Le nombre d'inversions dans un tableau est égal à la moitié de la distance totale que les éléments doivent parcourir pour trier le tableau. Par conséquent, il peut être calculé en triant le tableau, en conservant la permutation résultante p[i], puis en calculant la somme de abs(p[i]-i)/2. Cela prend O(n log n) temps, ce qui est optimal.
Une méthode alternative est donnée à http://mathworld.wolfram.com/PermutationInversion.html . Cette méthode est équivalente à la somme de max(0, p[i]-i), qui est égale à la somme de abs(p[i]-i])/2 puisque la distance totale de déplacement des éléments vers la gauche est égale à la distance totale de déplacement des éléments vers la droite.

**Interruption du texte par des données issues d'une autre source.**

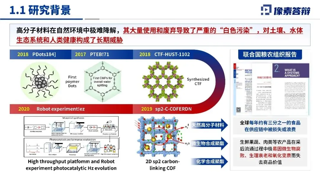 项目背景紧扣行业现实问题,既指出不可降解高分子材料引发的白色污染对生态和健康的威胁,也援引联合国粮农组织报告,说明食品采后腐败导致的严重浪费现状。研究现状明确该领域前沿方向为废弃生物质开发碳量子点增强可降解保鲜膜,同时梳理出规模化工艺瓶颈、CQDs长期安全性待验证两大核心挑战,且已有研究为项目开展奠定了材料与技术基础。

Prenons la séquence { 3, 2, 1 } comme exemple. Il y a trois inversions : (3, 2), (3, 1), (2, 1), donc le nombre d'inversion est 3. Cependant, selon la méthode citée, la réponse aurait été 2.
Regarde ça : http://www.cs.jhu.edu/~xfliu/600.363_F03/hw_solution/solution1.pdf
J'espère qu'il vous donnera la bonne réponse.
- 2-3 Inversion partie (d)
- Son temps d'exécution est de O(nlogn).